Assigned task: An exact copy is needed of the lines in the entries below from the line with "Данное значение указывает" up to and including the line with "2024年11月14日,在秘鲁首都利马以北的钱凯港,岸边智能化设备吊装集装箱。新华社记者 李梦馨 摄", and of nothing else. Leave the pictures out.

Supplied material:
━━━━━━━━━━
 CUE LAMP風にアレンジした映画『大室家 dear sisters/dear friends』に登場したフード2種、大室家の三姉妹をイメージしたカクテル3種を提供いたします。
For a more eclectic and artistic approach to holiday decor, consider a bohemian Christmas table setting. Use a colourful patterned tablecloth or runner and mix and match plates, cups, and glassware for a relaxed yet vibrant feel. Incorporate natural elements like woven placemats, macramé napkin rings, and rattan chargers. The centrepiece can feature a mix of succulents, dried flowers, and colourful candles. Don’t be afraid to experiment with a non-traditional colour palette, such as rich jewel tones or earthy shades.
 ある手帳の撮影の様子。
━━━━━━━━━━
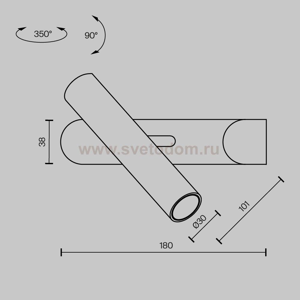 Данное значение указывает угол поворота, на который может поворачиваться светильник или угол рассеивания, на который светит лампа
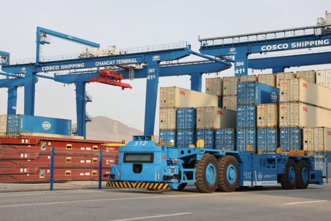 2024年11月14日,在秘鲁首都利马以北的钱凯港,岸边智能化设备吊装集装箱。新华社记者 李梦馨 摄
━━━━━━━━━━
Answer section:
 Данное значение указывает угол поворота, на который может поворачиваться светильник или угол рассеивания, на который светит лампа
 2024年11月14日,在秘鲁首都利马以北的钱凯港,岸边智能化设备吊装集装箱。新华社记者 李梦馨 摄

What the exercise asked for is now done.